## RECORD EXTRACTS
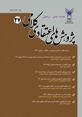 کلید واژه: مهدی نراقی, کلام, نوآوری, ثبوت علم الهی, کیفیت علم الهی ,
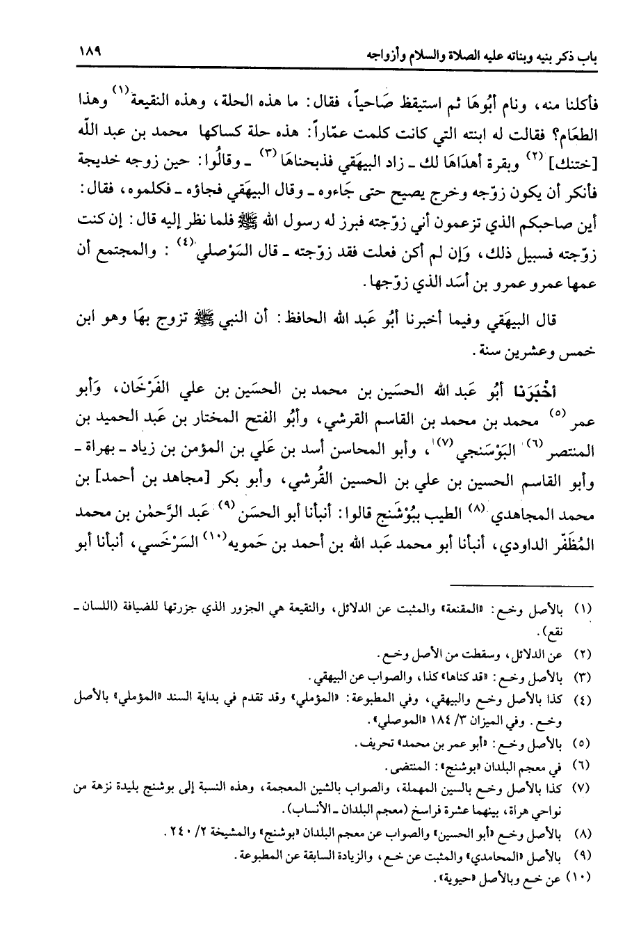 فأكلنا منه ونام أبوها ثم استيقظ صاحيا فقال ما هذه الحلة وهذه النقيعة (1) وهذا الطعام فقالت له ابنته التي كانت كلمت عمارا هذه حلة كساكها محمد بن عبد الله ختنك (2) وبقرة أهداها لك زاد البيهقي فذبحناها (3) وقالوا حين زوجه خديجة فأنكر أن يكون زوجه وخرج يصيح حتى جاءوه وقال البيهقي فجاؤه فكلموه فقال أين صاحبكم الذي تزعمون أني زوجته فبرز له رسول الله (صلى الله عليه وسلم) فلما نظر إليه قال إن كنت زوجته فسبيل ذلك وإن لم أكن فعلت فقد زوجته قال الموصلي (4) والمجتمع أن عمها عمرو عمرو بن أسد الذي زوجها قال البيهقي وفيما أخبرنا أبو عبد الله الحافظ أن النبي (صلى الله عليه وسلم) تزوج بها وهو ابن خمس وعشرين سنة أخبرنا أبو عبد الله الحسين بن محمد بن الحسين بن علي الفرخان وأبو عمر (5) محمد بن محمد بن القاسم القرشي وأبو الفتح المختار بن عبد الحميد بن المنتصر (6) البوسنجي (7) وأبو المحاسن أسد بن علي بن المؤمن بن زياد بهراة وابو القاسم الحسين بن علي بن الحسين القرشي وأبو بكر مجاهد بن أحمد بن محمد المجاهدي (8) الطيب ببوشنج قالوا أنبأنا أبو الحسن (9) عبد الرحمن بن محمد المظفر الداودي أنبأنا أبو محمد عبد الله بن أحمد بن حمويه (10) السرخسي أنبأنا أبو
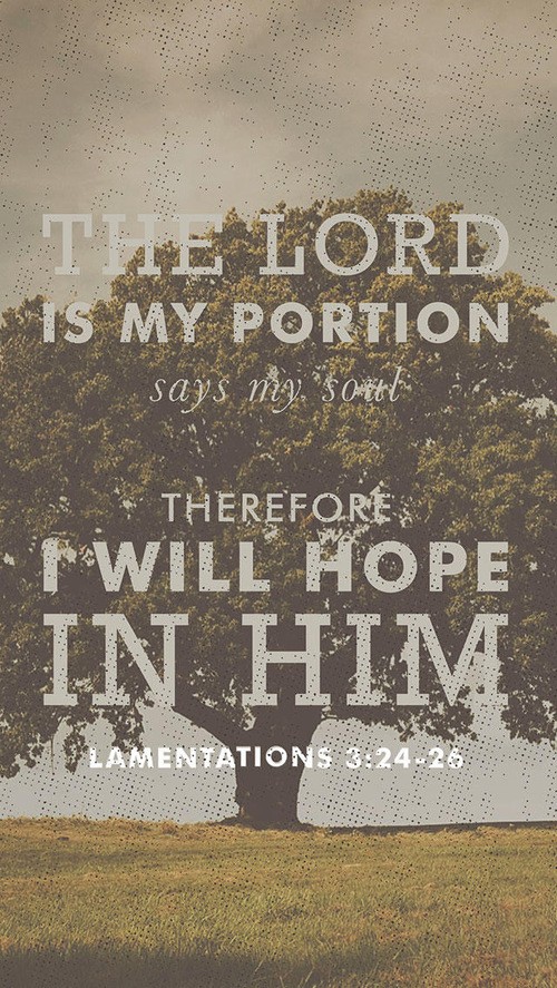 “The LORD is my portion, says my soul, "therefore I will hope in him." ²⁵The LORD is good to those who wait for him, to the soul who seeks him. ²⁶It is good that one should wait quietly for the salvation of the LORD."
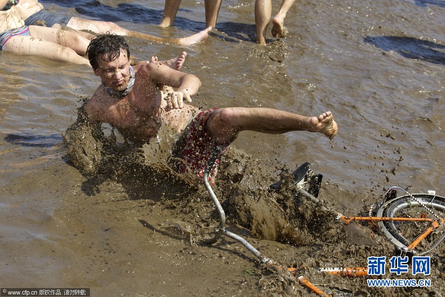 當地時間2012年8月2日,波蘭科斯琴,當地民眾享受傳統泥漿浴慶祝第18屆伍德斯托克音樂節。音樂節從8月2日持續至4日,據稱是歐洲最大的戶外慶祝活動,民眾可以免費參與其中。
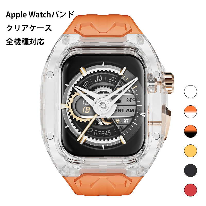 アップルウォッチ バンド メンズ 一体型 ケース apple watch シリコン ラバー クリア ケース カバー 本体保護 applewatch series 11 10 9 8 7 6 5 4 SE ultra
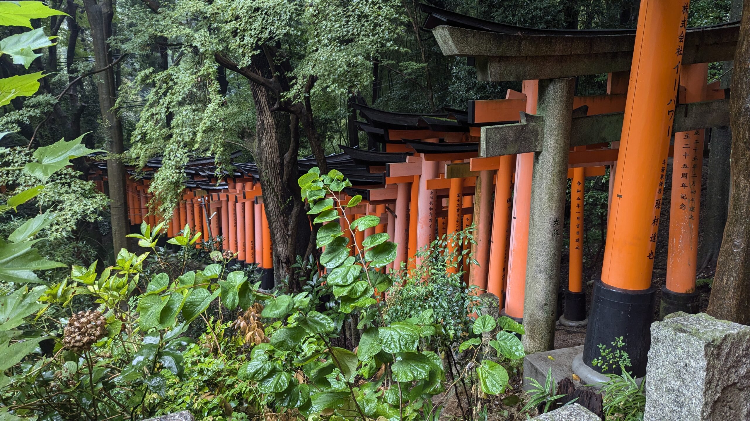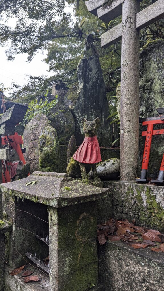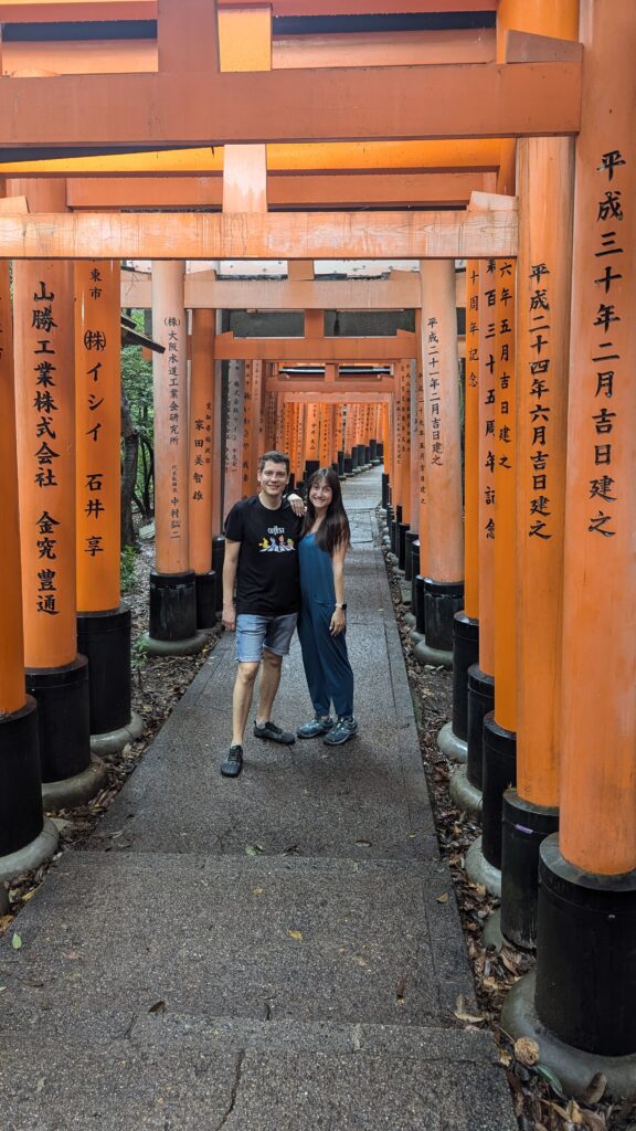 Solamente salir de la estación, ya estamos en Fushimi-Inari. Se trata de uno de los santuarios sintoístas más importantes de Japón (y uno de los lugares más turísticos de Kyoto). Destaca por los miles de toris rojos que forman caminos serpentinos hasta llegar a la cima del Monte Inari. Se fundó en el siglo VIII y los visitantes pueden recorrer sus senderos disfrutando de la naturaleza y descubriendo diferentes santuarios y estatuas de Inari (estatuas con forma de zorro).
==
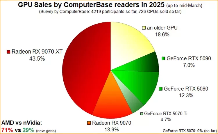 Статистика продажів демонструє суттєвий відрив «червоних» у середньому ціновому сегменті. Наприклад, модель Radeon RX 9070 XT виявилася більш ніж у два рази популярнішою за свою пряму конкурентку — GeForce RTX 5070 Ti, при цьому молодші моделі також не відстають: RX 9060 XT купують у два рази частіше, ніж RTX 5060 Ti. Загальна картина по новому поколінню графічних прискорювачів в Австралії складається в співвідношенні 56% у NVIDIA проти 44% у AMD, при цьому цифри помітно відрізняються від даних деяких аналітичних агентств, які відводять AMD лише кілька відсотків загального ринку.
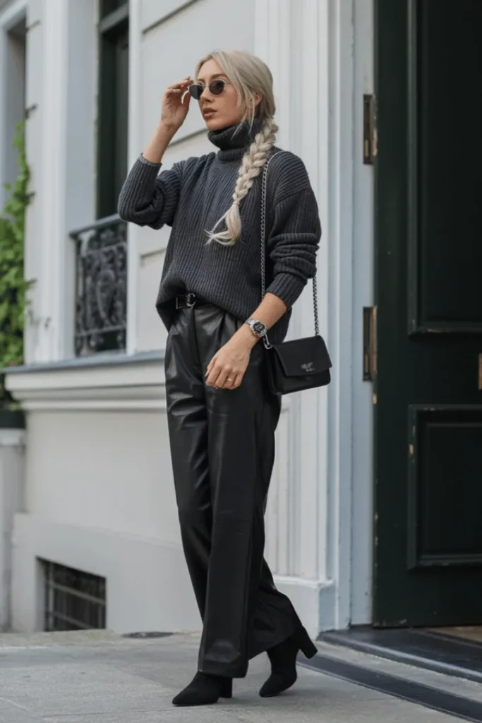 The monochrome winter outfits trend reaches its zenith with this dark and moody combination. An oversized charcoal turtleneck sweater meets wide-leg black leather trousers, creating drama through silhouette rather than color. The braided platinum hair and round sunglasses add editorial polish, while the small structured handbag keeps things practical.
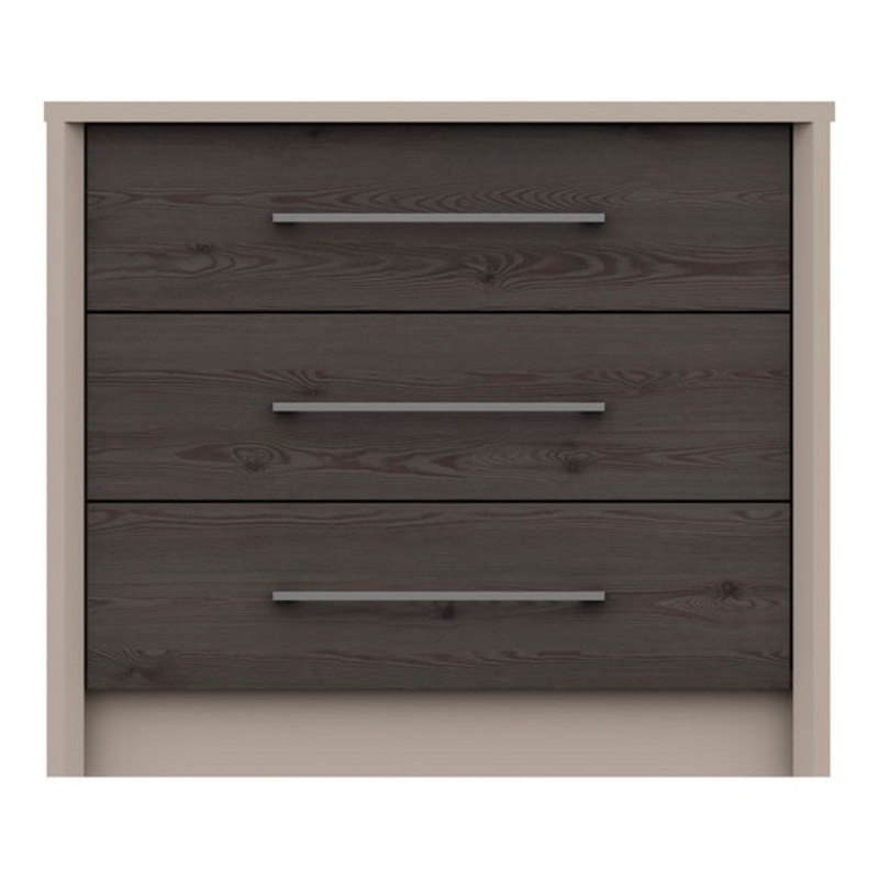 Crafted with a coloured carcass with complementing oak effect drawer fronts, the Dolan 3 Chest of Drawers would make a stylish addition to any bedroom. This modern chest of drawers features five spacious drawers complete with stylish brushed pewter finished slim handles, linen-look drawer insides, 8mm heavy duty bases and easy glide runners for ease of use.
---
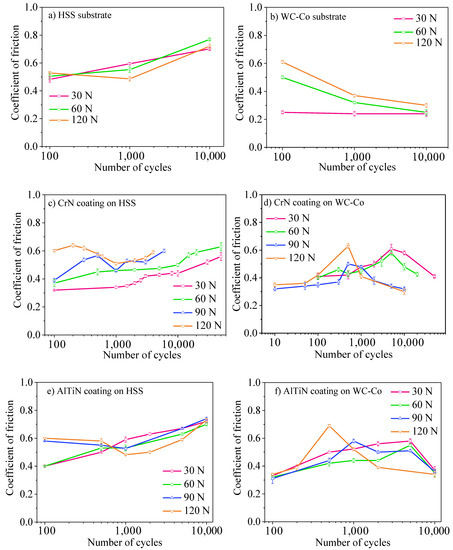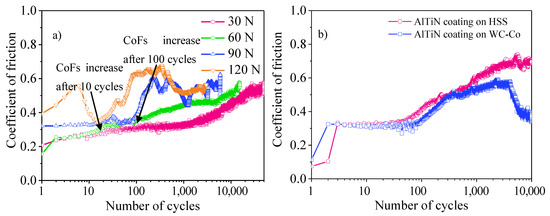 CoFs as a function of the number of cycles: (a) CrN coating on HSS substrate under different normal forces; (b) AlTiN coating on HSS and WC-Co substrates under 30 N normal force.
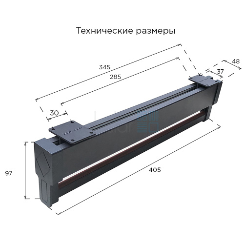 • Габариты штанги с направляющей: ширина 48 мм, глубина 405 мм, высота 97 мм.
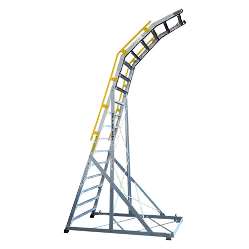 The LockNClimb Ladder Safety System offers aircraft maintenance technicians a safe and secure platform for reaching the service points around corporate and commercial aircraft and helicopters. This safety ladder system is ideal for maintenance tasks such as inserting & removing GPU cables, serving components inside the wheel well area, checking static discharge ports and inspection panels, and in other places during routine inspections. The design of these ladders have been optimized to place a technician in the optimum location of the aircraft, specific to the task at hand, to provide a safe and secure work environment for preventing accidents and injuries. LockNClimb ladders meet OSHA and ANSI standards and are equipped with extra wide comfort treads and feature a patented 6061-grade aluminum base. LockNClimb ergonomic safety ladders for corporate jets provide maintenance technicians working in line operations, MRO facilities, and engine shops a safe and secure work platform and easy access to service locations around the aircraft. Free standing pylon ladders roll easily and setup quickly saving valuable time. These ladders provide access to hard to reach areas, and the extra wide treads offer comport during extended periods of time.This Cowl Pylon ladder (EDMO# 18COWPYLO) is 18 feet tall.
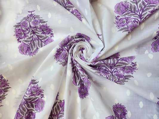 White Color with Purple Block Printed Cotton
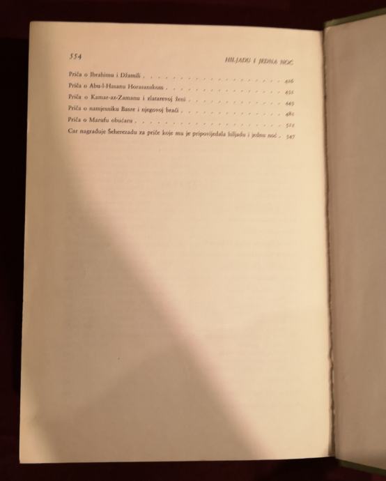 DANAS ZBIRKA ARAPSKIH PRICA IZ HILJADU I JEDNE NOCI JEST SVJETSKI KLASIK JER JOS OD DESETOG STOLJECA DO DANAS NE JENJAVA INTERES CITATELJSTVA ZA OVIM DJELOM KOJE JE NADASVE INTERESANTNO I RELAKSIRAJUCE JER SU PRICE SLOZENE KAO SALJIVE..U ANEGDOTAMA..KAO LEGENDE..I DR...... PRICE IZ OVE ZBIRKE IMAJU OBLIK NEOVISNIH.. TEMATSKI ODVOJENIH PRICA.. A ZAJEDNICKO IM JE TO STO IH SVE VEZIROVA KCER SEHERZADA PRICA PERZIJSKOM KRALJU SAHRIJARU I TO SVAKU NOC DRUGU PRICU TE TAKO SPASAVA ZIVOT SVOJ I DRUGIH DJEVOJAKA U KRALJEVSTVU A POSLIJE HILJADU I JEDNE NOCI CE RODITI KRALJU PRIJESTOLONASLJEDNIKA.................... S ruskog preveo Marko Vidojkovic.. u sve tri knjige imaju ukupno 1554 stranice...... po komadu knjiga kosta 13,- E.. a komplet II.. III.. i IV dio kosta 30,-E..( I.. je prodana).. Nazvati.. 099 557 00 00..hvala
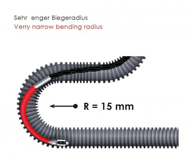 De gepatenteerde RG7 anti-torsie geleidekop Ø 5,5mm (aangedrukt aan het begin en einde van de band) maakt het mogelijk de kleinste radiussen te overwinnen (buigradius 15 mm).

## YOUR INSTRUCTIONS
Look above for the line with "my portion, says" and the line with "Solamente salir de", then copy them and all lines in between exactly as written, and only those, without any pictures.

## PROBLEM SOLUTION
 “The LORD is my portion, says my soul, "therefore I will hope in him." ²⁵The LORD is good to those who wait for him, to the soul who seeks him. ²⁶It is good that one should wait quietly for the salvation of the LORD."
 當地時間2012年8月2日,波蘭科斯琴,當地民眾享受傳統泥漿浴慶祝第18屆伍德斯托克音樂節。音樂節從8月2日持續至4日,據稱是歐洲最大的戶外慶祝活動,民眾可以免費參與其中。
 アップルウォッチ バンド メンズ 一体型 ケース apple watch シリコン ラバー クリア ケース カバー 本体保護 applewatch series 11 10 9 8 7 6 5 4 SE ultra
 Solamente salir de la estación, ya estamos en Fushimi-Inari. Se trata de uno de los santuarios sintoístas más importantes de Japón (y uno de los lugares más turísticos de Kyoto). Destaca por los miles de toris rojos que forman caminos serpentinos hasta llegar a la cima del Monte Inari. Se fundó en el siglo VIII y los visitantes pueden recorrer sus senderos disfrutando de la naturaleza y descubriendo diferentes santuarios y estatuas de Inari (estatuas con forma de zorro).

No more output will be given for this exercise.